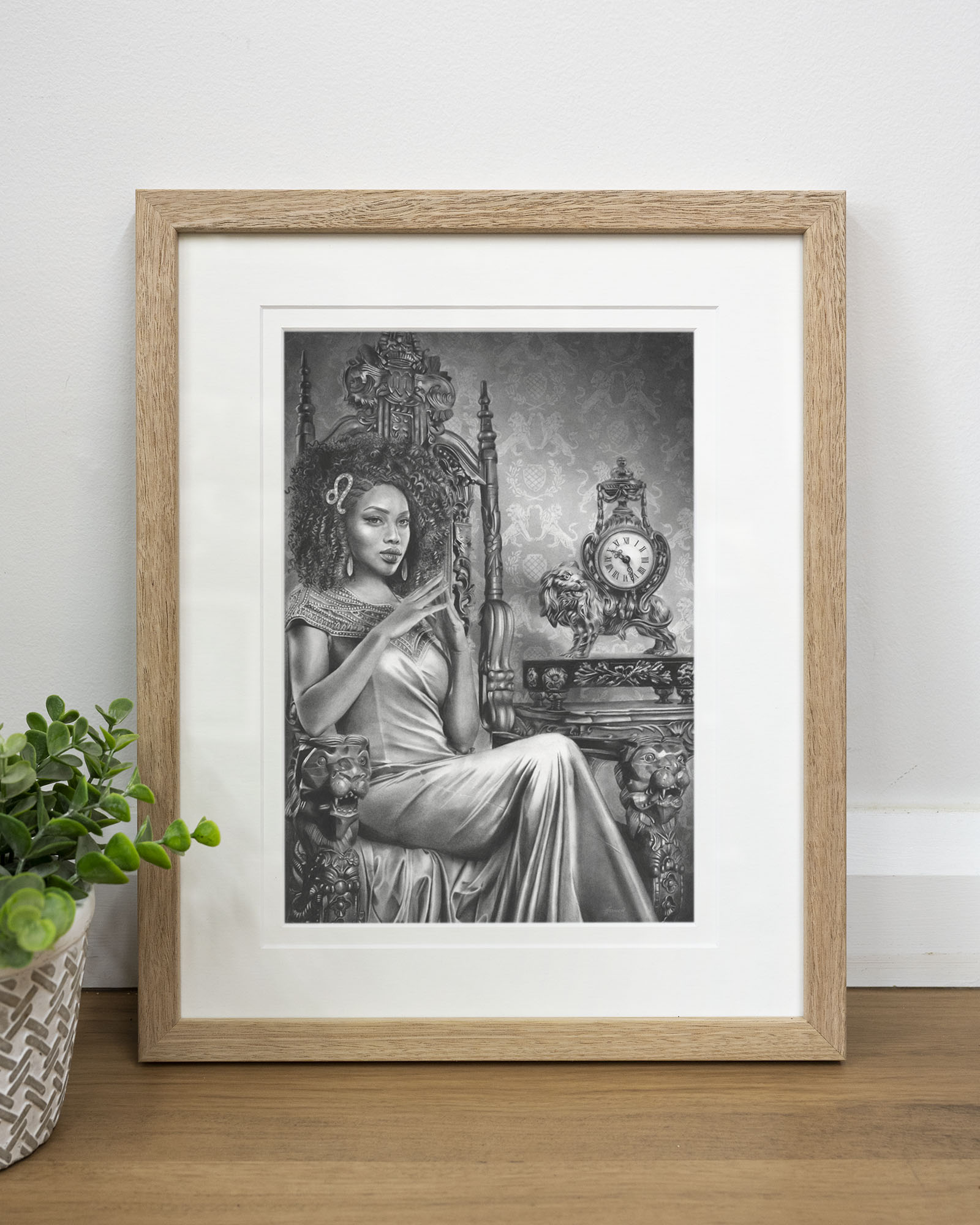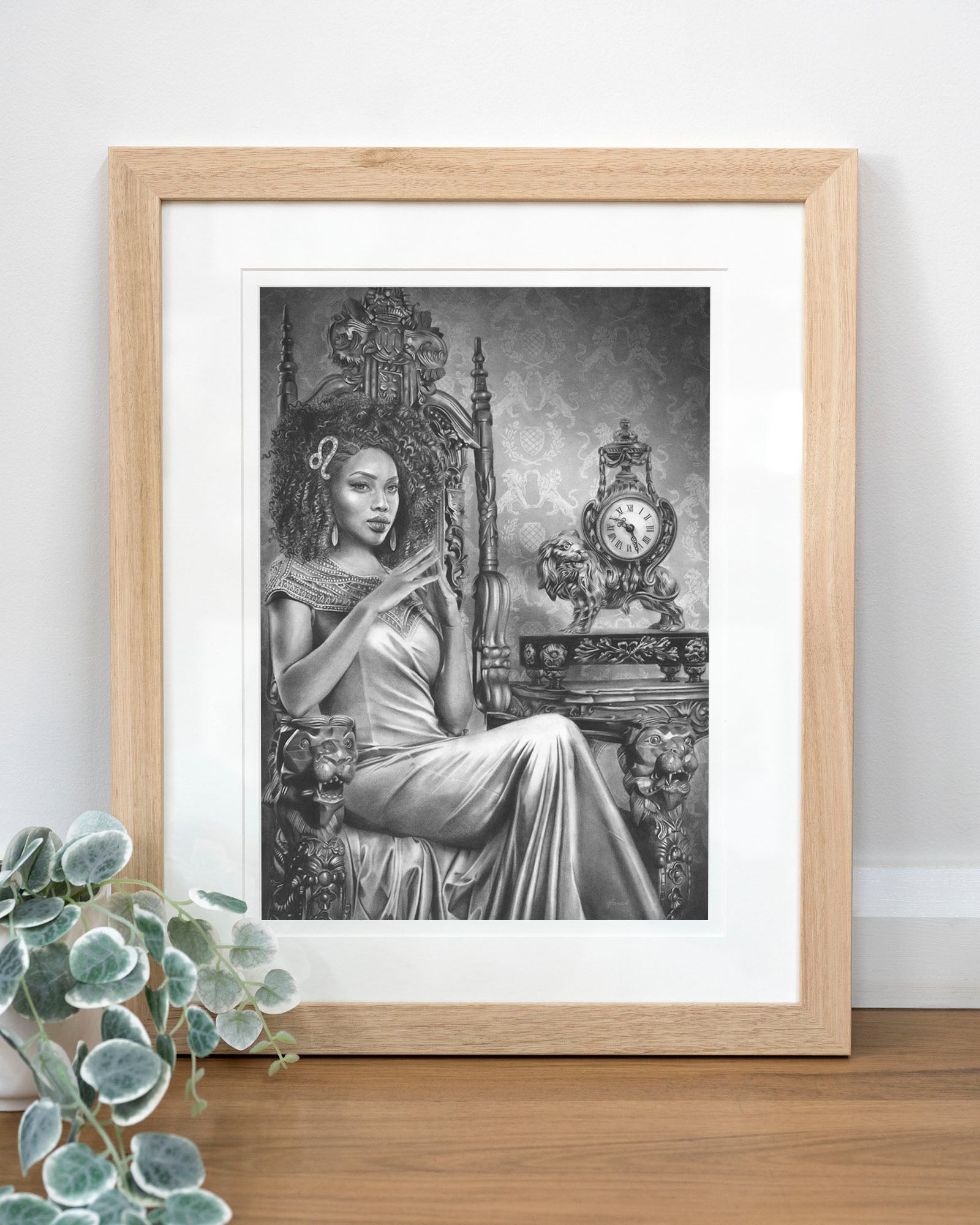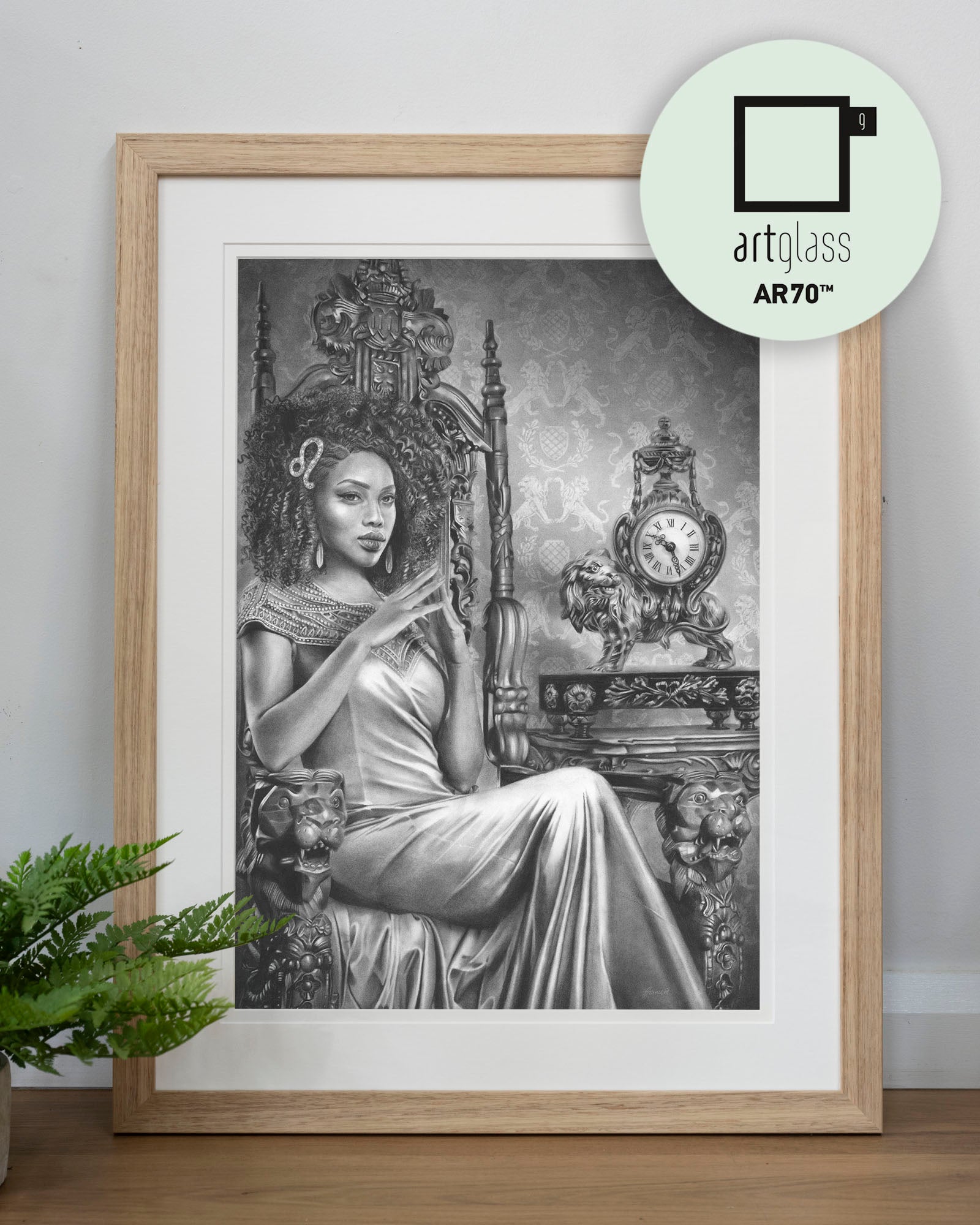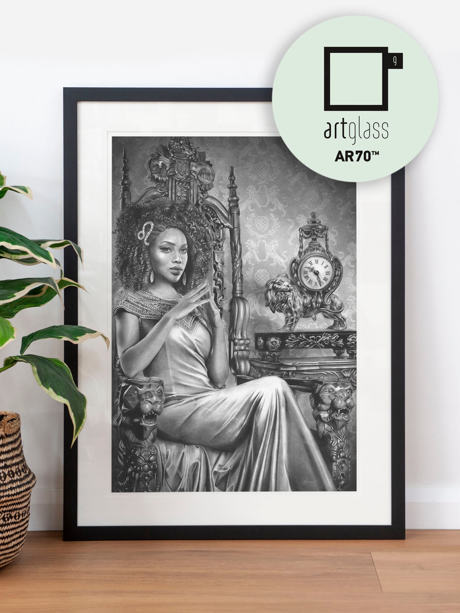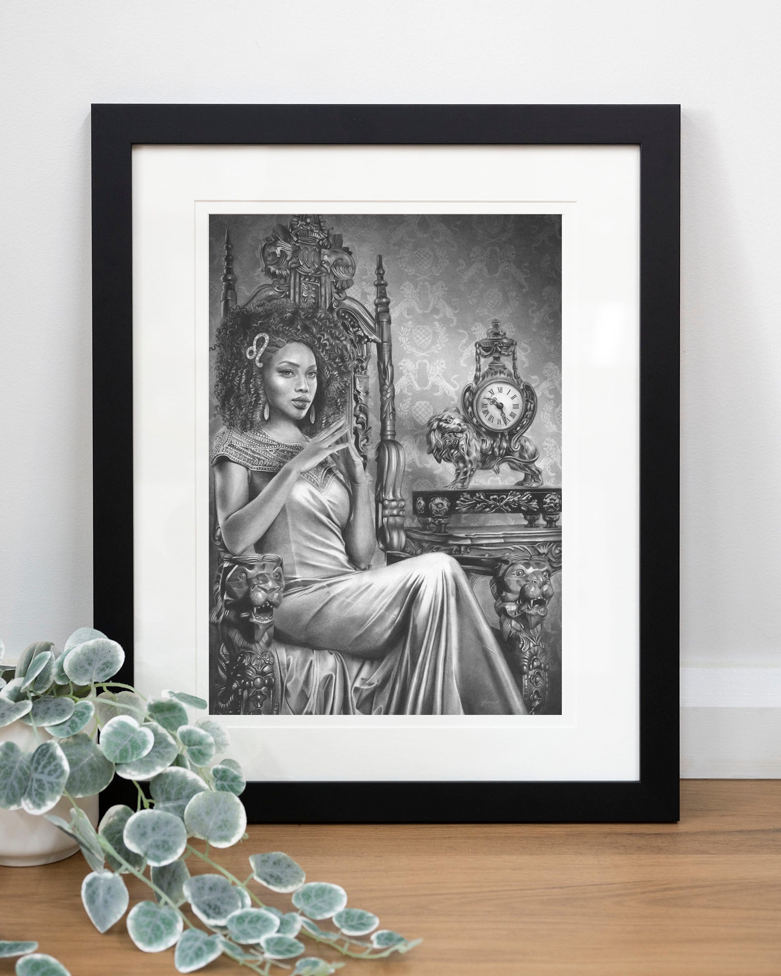Archival print on cotton art paper. Charcoal and pencil drawing of a woman representing Leo in the signs of the Zodiac.
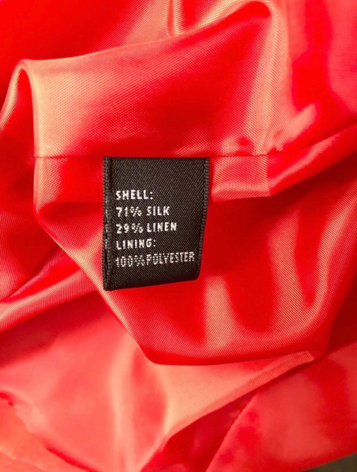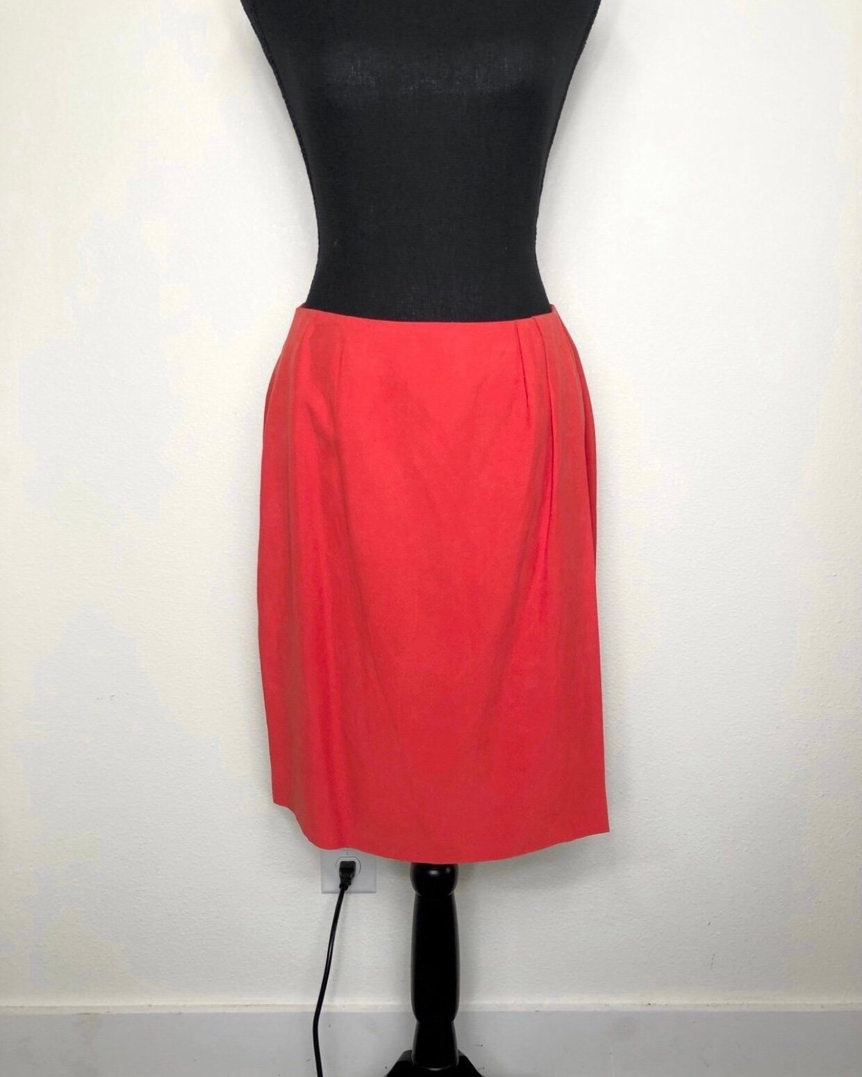 Two piece blazer and skirt suit set by Josephine Chaus Petite. Silk-linen blend for a comfortable wear in Summer time. Orange-red in color. Both internally lined.
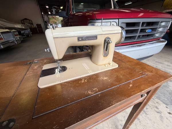 Works but is missing the belt. Measures 34" wide X 17" deep X 36" tall. EG
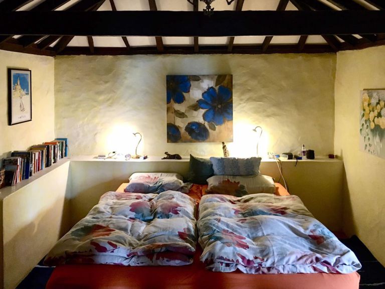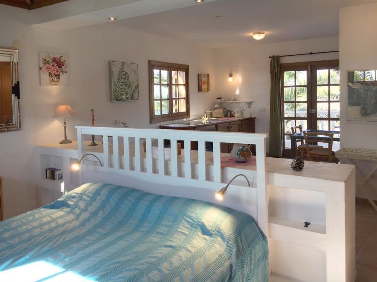 | Das ca. 40 qm große Studio in der oberen Etage des Hauses kann für zwei weitere Personen dazu gebucht werden. Es verfügt über einen kombinierten Wohnschlafraum mit kleiner Küche und ein Bad. Von hier aus gelangen Sie direkt auf die Dachterrasse des Hauses. Das Studio verfügt über einen separaten Eingang über eine Treppe, die auf der Vorderseite des Hauses liegt. |
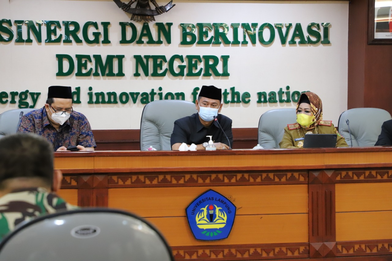 Jelang pelaksanaan kegiatan, Wakil Rektor Bidang Umum dan Keuangan Unila Prof. Dr. dr. Asep Sukohar, S.Ked., M.Kes., yang juga koordinator kesehatan kegiatan muktamar menggelar rapat koordinasi daerah pemangku kebijakan kesehatan, di ruang sidang utama lantai 2 Rektorat Unila, Selasa, 14 Desember 2021.
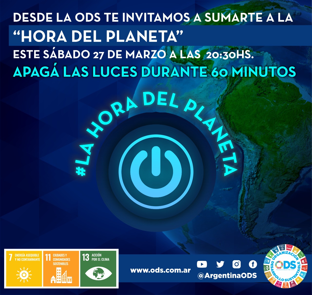 Desde Argentina Ods te invitamos a sumarte a la movida global #LaHoraDelPlaneta. Este sábado 27 de marzo forma parte del evento climático más importante del año A las 20.30 hs. apagá las luces durante 60 minutos por nuestra Casa Común, el Planeta.

About this exercise:
Without the pictures, set down every entry exactly.

Task result:
Archival print on cotton art paper. Charcoal and pencil drawing of a woman representing Leo in the signs of the Zodiac.
 Two piece blazer and skirt suit set by Josephine Chaus Petite. Silk-linen blend for a comfortable wear in Summer time. Orange-red in color. Both internally lined.
 Works but is missing the belt. Measures 34" wide X 17" deep X 36" tall. EG
 | Das ca. 40 qm große Studio in der oberen Etage des Hauses kann für zwei weitere Personen dazu gebucht werden. Es verfügt über einen kombinierten Wohnschlafraum mit kleiner Küche und ein Bad. Von hier aus gelangen Sie direkt auf die Dachterrasse des Hauses. Das Studio verfügt über einen separaten Eingang über eine Treppe, die auf der Vorderseite des Hauses liegt. |
 Jelang pelaksanaan kegiatan, Wakil Rektor Bidang Umum dan Keuangan Unila Prof. Dr. dr. Asep Sukohar, S.Ked., M.Kes., yang juga koordinator kesehatan kegiatan muktamar menggelar rapat koordinasi daerah pemangku kebijakan kesehatan, di ruang sidang utama lantai 2 Rektorat Unila, Selasa, 14 Desember 2021.
 Desde Argentina Ods te invitamos a sumarte a la movida global #LaHoraDelPlaneta. Este sábado 27 de marzo forma parte del evento climático más importante del año A las 20.30 hs. apagá las luces durante 60 minutos por nuestra Casa Común, el Planeta.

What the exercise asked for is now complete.